_EXERCISE_
Leave out the pictures, then output the lines of the records below from the first through the one containing "Abb. 10: Auch".
*** Opening PROVIDED DATA ***
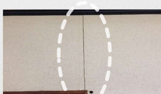
雨漏りやクラックが生じ 維持管理に限界がきている。
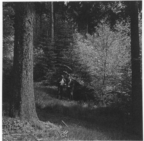
Abb. 10: Auch naturwidrige Fichten-Kunstforste lassen sich durch vorsichtiges Auflichten und durch Unterbau mit Laubbäumen und Tannen zu stabilen, ungleichaltrigen Mischwäldern umbauen.

Längst haben Forstverwaltungen erkannt, daß der ihnen anvertraute Wald in einer kaputten Umwelt zur Arche Noah geworden ist. Es gibt erfreuliche Beispiele dafür, wie ernst Forstleute Naturschutz nehmen können. Naturwaldreservate, wie sie bereits 1934 der Forstmann Hesmer gefordert hatte, schützen allein in Bayerns Staatsforsten über 4.000 ha wertvolle Reste naturnaher Wälder vor weiteren Eingriffen. Feuchtgebiete werden erhalten und neue gestaltet. Trockenrasen bleiben vor Aufforstung verschont und werden gepflegt. Höhlen- und Horstbäume werden sorgsam erhalten. Für seltene Baum- und Straucharten wie Speierling, Elsbeere, Wildbirne und Eibe oder die verschiedenen Wildrosen gibt es eigene Schutz- und Nachzuchtprogramme in Bayern. Insektenfreundliche Weichlaubhölzer dürfen künftig wieder — und nicht nur an Wegrändern — wachsen. Der forstliche Vogelschutz entwickelt sich weg von der einseitigen Hege nistkastenbewohnender „Arbeitsvögel“ und kümmert sich um Spechte, Greifvögel und Hohltauben. Auch erste An-
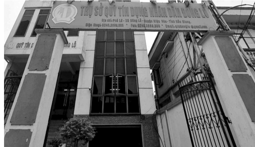
● Trụ sở QTDND Đông Lỗ tại xã Đông Lỗ.

Hợp đồng nêu rõ: “Bên A đồng ý bán cho bên B toàn bộ số đất bãi Đồng Vân ở thôn Cẩm Vân”. Đơn giá bên A bán cho bên B là 19.500 đồng/m 3 . Bên B sau khi nhận mặt bằng sẽ tiến hành cải tạo và khai thác triệt để khu đất. Số tiền thu được để trả gốc và lãi vào các hợp đồng đang còn dư nợ tại QTDND Đông
*** Closing PROVIDED DATA ***
_ANSWER TO THIS TASK_
雨漏りやクラックが生じ 維持管理に限界がきている。
Abb. 10: Auch naturwidrige Fichten-Kunstforste lassen sich durch vorsichtiges Auflichten und durch Unterbau mit Laubbäumen und Tannen zu stabilen, ungleichaltrigen Mischwäldern umbauen.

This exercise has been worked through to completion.